На честном простоватом лице Ганца появилось смущение, смешанное с легким раздражением, будто он считал, что я нарочно говорю загадками.
— Кто его искал?
— Не знаю, детектив. Может быть, и никто. Я просто думаю вслух.
Ганц нетерпеливо поморщился. Он понял, что я прислушиваюсь к своей интуиции, а интуиция была одним из тех орудий, которые детектив Джон Ганц решительно и бесповоротно исключал из арсенала судебного расследования. Надо признаться, что она и впрямь порой меня подводила. В деле Примма ее подсказка едва не привела нас с Ганцем к гибели. А что касается закадычного дружка моей матери Таддеуса Крейвена и его намерения бросить пить — думаю, я до конца жизни буду жалеть, что послушался тогда своего капризного внутреннего голоса.
— Ты извини, Джек… — сказал я. — Что-то эта вонь меня допекла.
— Я сначала подумал: может, он держал здесь свинью, — отозвался Ганц, склонив голову набок и еще раз для пробы потянув носом воздух. — По-моему, пахнет похоже.
Прикрыв рот ладонью, я поспешил наружу, под сень влажного и прохладного соснового бора. Там я несколько раз вдохнул полной грудью. Тошнота отступила; тогда я принялся набивать трубку, расхаживая перед пещерой туда-сюда и пытаясь связать вместе наше новое открытие и мою беседу с руководителем цирка Онхойзером. Он определенно подозревал, что смерть этого клоуна сопряжена с особыми жуткими обстоятельствами. Мало того — он знал, что и его товарищи-циркачи будут питать те же подозрения, словно в их умах существовал какой-то сумасшедший коулрофоб с ножом, входящий в комплекс профессиональных суеверий наряду с запретом свистеть в гримерке или оборачиваться во время циркового шествия.
Раскурив трубку, я углубился в лес в направлении поляны, где мальчишки наткнулись на мертвеца, — туда вела найденная полицейскими тропинка. Это была даже не тропинка, а след из примятой травы и сломанных веток, ведущий сложным извилистым маршрутом вниз по склону холма от пещеры к поляне. Видимо, его оставили несколько дней назад жертва и ее преследователь; ближе к концу, где деревья расступались и голубело чистое небо, на земле были заметны борозды, без сомнения, пропаханные каблуками гигантских башмаков клоуна: эксперты обнаружили на них засохшую почву соответствующего состава. Должно быть, у края поляны преследователь настиг клоуна, который в панике, оскальзываясь, бежал вниз, и протащил его то ли за волосы, то ли за ворот рубахи последние двадцать пять ярдов.
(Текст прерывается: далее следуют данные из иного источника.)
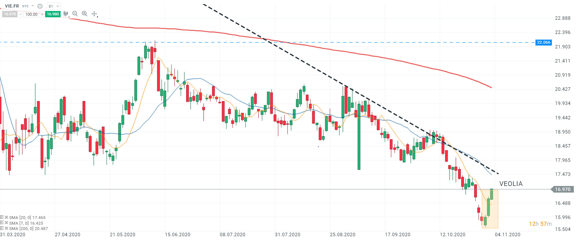 Le titre VEOLIA (VIE.FR) a débuté la session d’aujourd’hui à la hausse. Les cours se sont affranchi de la SMA7(ligne orange). Si le mouvement haussier se poursuit, les cours pourraient aller tester la zone des 17,473 euros (SMA20, ligne bleue). Un franchissement de l’oblique baissière serait un signal et permettrait de rallier le sommet de juin à 22,066 euros .Le mouvement à la hausse semble se confirmer par la présence des 3 soldats blancs (rectangle orange).
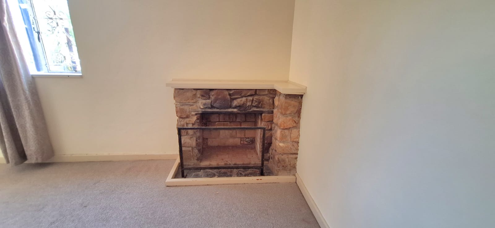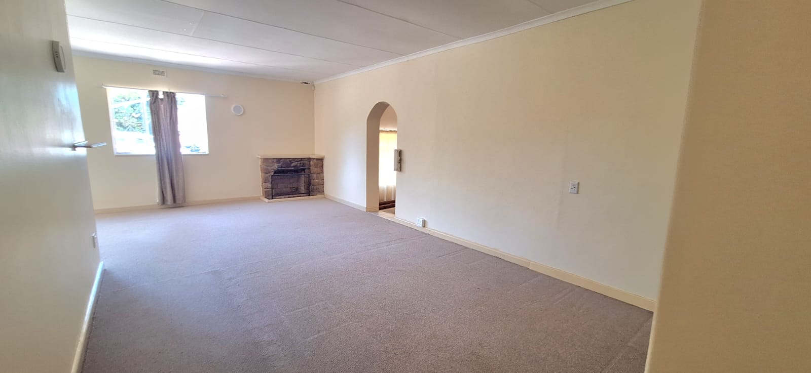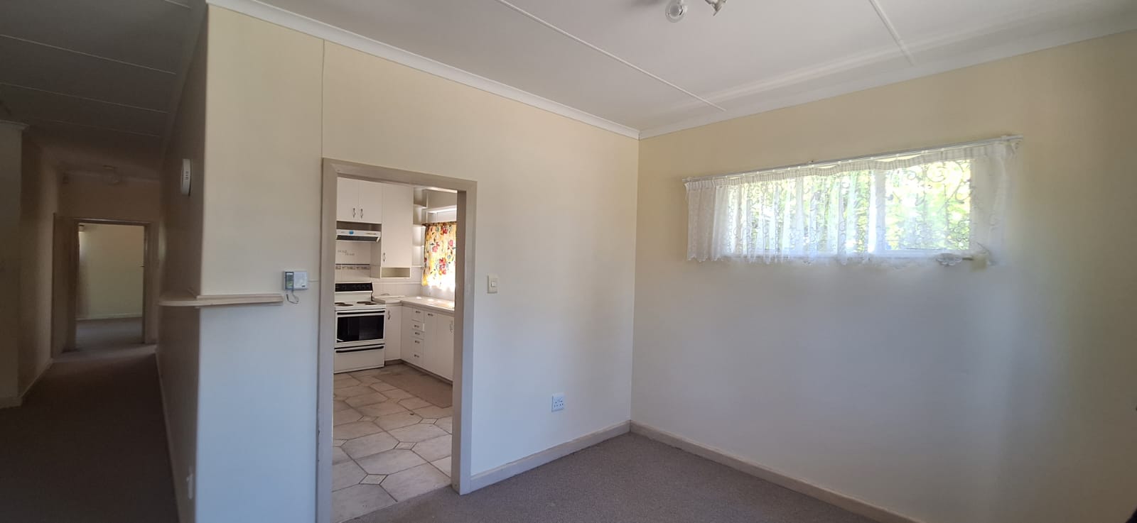 The home features three comfortable bedrooms, all fitted with carpets and built-in cupboards, along with a full bathroom and a separate toilet. The well-appointed kitchen offers ample cupboard space. The kitchen flows into an open-plan dining and lounge area, creating a warm and welcoming atmosphere for cosy winter evenings.

Отпечатки ног предполагаемого убийцы имелись повсюду в изобилии — судя по ним, он был в длинных туфлях с заостренными носами. Но самую большую загадку представляли следы третьей разновидности, рассеянные там и сям вдоль холодной и черной глинистой тропы. Казалось, их оставил босоногий ребенок лет восьми-девяти. И провалиться ему на этом месте, воскликнул Ганц в заключение своего отчета, если этот босоногий ребенок не танцевал!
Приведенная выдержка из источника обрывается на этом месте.